We consider two state-of-the-art baselines: XDL and PaddlePaddle. XDL is a specialized distributed recommendation framework developed by Alibaba. PaddlePaddle is a general purpose deep learning framework from Baidu with a special Heter mode that implements the design of AIBox, Baidu’s recommendation training system. ¹

Cluster Setup

We include up to 64 Nvidia V100 GPUs, and 100 CPU instances (each with 52 cores and 480 GB RAM). The instances are connected by a network with bandwidth of 100 Gbps. The baseline systems (XDL and PaddlePaddle) are equipped with the same amount of computation resources for each individual setting.

End-to-end Performance

The figure above illustrates the convergence behaviors of different systems. We see that the PERSIA hybrid algorithm shows almost identical convergence when comparing with the fully synchronous mode. We see that test AUC gap between the hybrid mode and synchronous mode is always less than 0.1% in the three open-source benchmarks, and less than 0.001% in the production Kwai-video benchmark; by contrast, the gap between the asynchronous mode and the synchronous mode is much higher (from 0.5% to 1.0%); further, as we allow more aggressive asynchronicity in PaddlePaddle, the gap is more significant.

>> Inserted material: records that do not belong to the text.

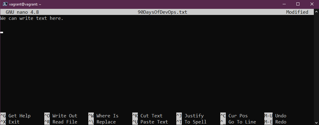 Nếu bạn chạy nano 90DaysOfDevOps.txt, chúng ta sẽ có một tệp mới không có gì trong đó, từ đây chúng ta có thể thêm văn bản của mình và hướng dẫn bên dưới là những gì chúng ta muốn thay đổi tệp đó.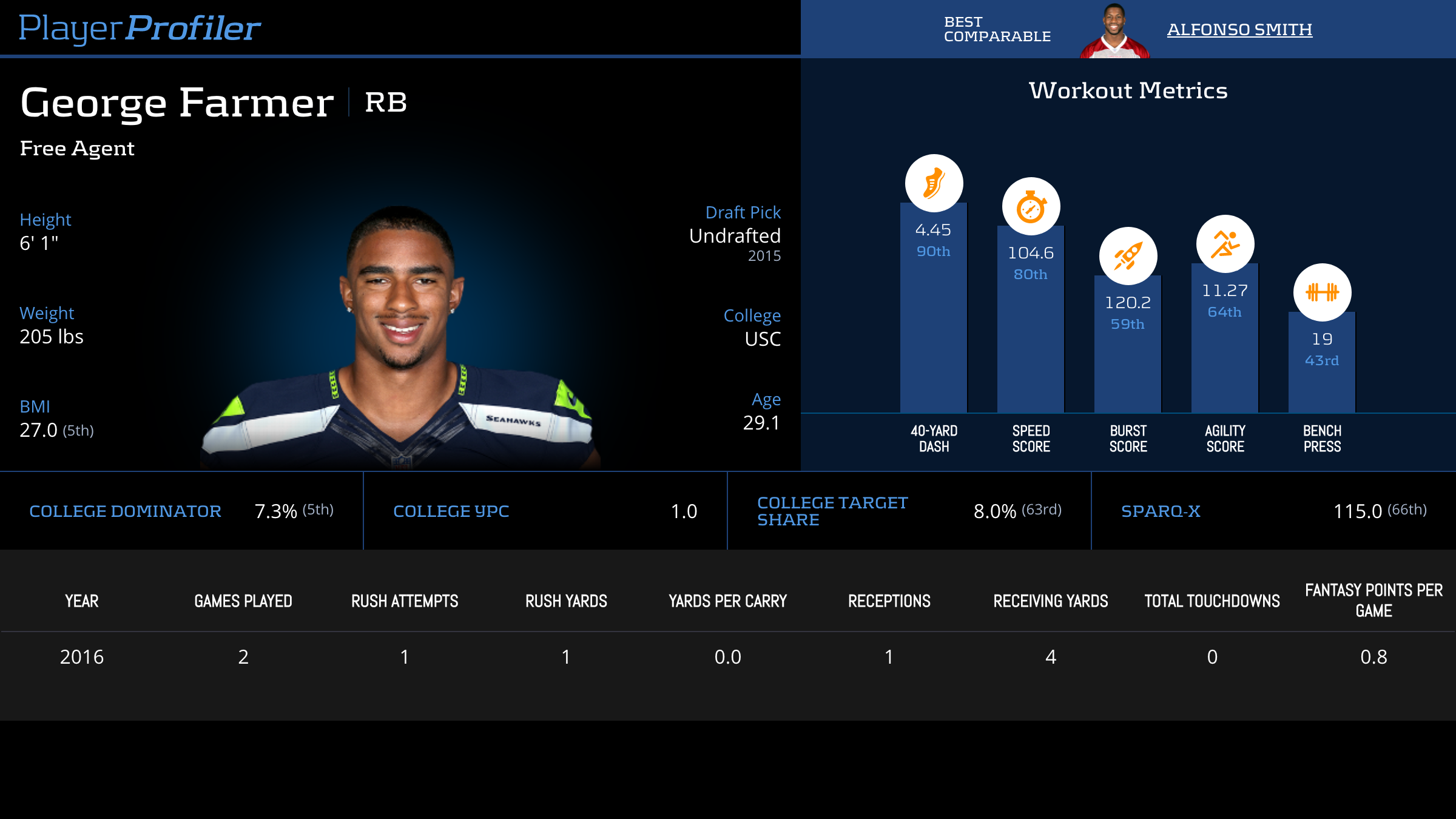 Box score statistics such as targets, yards, touchdowns, and fantasy points per target are updated the next day. Advanced stats and metrics are updated later in the week during the NFL season.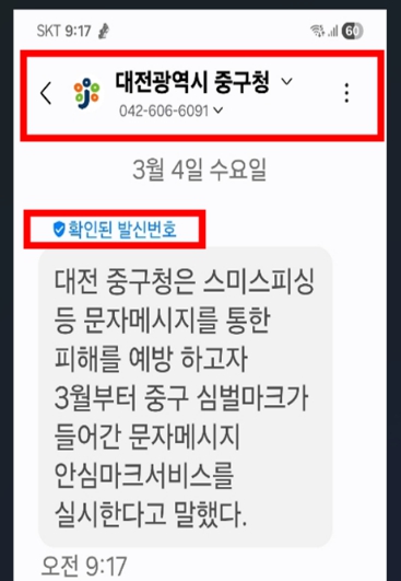 안심마크서비스(RCS, Rich Communication Services)는 구청에서 발송하는 문자메시지에 대전 중구의 공식 마크와 기관 명칭을 함께 표시해 발신처가 공공기관임을 인증하는 서비스다.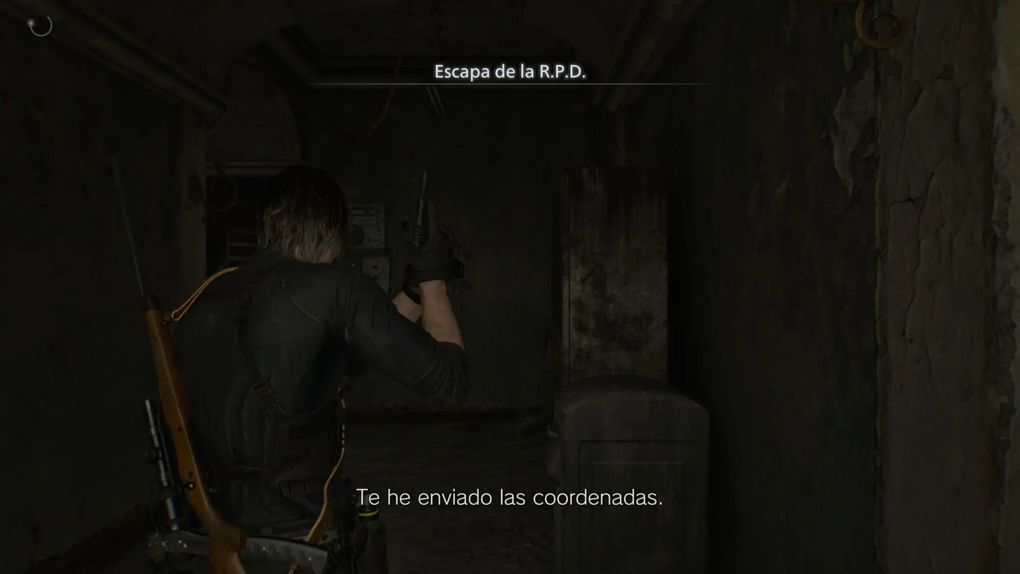 El objetivo se actualiza de forma inmediata: "Escapa de la R.P.D." con el sub-objetivo "Te he enviado las coordenadas." Sherry Birkin — por radio — le ha enviado a Leon la ubicación de ARK. La prioridad ya no es explorar la comisaría. Es salir con vida.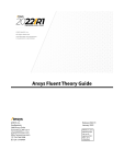 Ansys Fluent Theory Guide ANSYS, Inc. Southpointe 2600 Ansys Drive Canonsburg, PA 15317 ansysinfo@ansys.com http://www.ansys.com (T) 724-746-3304 (F) 724-514-9494 Release 2022 R1 January 2022 ANSYS, Inc. and ANSYS Europe, Ltd. are UL registered ISO 9001: 2015 companies. Copyright and Trademark Information © 2022 ANSYS, Inc. Unauthorized use, distribution or duplication is prohibited. ANSYS, Ansys Workbench, AUTODYN, CFX, FLUENT and any and all ANSYS, Inc. brand, product, service and feature names, logos and slogans are registered trademarks or trademarks of ANSYS, Inc. or its subsidiaries located in the United States or other countries. ICEM CFD is a trademark used by ANSYS, Inc. under license. CFX is a trademark of Sony Corporation in Japan. All other brand, product, service and feature names or trademarks are the property of their respective owners. FLEXlm and FLEXnet are trademarks of Flexera Software LLC. Disclaimer Notice THIS ANSYS SOFTWARE PRODUCT AND PROGRAM DOCUMENTATION INCLUDE TRADE SECRETS AND ARE CONFIDENTIAL AND PROPRIETARY PRODUCTS OF ANSYS, INC., ITS SUBSIDIARIES, OR LICENSORS. The software products and documentation are furnished by ANSYS, Inc., its subsidiaries, or affiliates under a software license agreement that contains provisions concerning non-disclosure, copying, length and nature of use, compliance with exporting laws, warranties, disclaimers, limitations of liability, and remedies, and other provisions. The software products and documentation may be used, disclosed, transferred, or copied only in accordance with the terms and conditions of that software license agreement. ANSYS, Inc. and ANSYS Europe, Ltd. are UL registered ISO 9001: 2015 companies. U.S. Government Rights For U.S. Government users, except as specifically granted by the ANSYS, Inc. software license agreement, the use, duplication, or disclosure by the United States Government is subject to restrictions stated in the ANSYS, Inc. software license agreement and FAR 12.212 (for non-DOD licenses). Third-Party Software See the legal information in the product help files for the complete Legal Notice for ANSYS proprietary software and third-party software. If you are unable to access the Legal Notice, contact ANSYS, Inc. Published in the U.S.A. Table of Contents Using This Manual ................................................................................................................................... xxxix 1. The Contents of This Manual .......................................................................................................... xxxix 2. Typographical Conventions ................................................................................................................. xl 3. Mathematical Conventions ............................................................................................................... xliii 1. Basic Fluid Flow ....................................................................................................................................... 1 1.1. Overview of Physical Models in Ansys Fluent ..................................................................................... 1 1.2. Continuity and Momentum Equations ............................................................................................... 2 1.2.1. The Mass Conservation Equation .............................................................................................. 3 1.2.2. Momentum Conservation Equations ........................................................................................ 3 1.3. User-Defined Scalar (UDS) Transport Equations .................................................................................. 4 1.3.1. Single Phase Flow .................................................................................................................... 4 1.3.2. Multiphase Flow ....................................................................................................................... 5 1.4. Periodic Flows .................................................................................................................................. 6 1.4.1. Overview ................................................................................................................................. 6 1.4.2. Limitations ............................................................................................................................... 7 1.4.3. Physics of Periodic Flows .......................................................................................................... 7 1.4.3.1. Definition of the Periodic Velocity .................................................................................... 7 1.4.3.2. Definition of the Streamwise-Periodic Pressure ................................................................ 8 1.5. Swirling and Rotating Flows .............................................................................................................. 9 1.5.1. Overview of Swirling and Rotating Flows .................................................................................. 9 1.5.1.1. Axisymmetric Flows with Swirl or Rotation ....................................................................... 9 1.5.1.1.1. Momentum Conservation Equation for Swirl Velocity ............................................. 10 1.5.1.2. Three-Dimensional Swirling Flows .................................................................................. 11 1.5.1.3. Flows Requiring a Moving Reference Frame ................................................................... 11 1.5.2. Physics of Swirling and Rotating Flows .................................................................................... 11 1.6. Compressible Flows ........................................................................................................................ 12 1.6.1. When to Use the Compressible Flow Model ...........................................................

Scalability: Number of Workers

Above figure illustrates significant performance improvements from PERSIA: e.g., for the Taobao-Ad benchmark, PERSIA is 7.12× and 8.4× faster than that of the synchronous and asynchronous modes of XDL, and 1.71× faster than PaddlePaddle–same level of speedup also appears in the Avazu-Ad and Criteo-Ad benchmark.

Scalability: Number of Parameters

The intensive test of PERSIA's capacity is conducted over Google cloud platform with a heterogeneous cluster including:

• 8 a2-highgpu-8g instances (each with 8 Nvidia A100 GPUs) as NN workers;
• 100 c2-standard-30 instances (each with 30 vCPUs, 120 GB RAM) as embedding workers;
• 30 m2-ultramem-416 instances (each with 416 vCPUs, 12 TB RAM) as embedding PS.

We see that PERSIA shows stable training throughput when increasing the model size even up to 100 trillion parameters. Even for the 100 trillion-parameter model, PERSIA still achieves 2.6× higher throughput than the fully synchronous mode.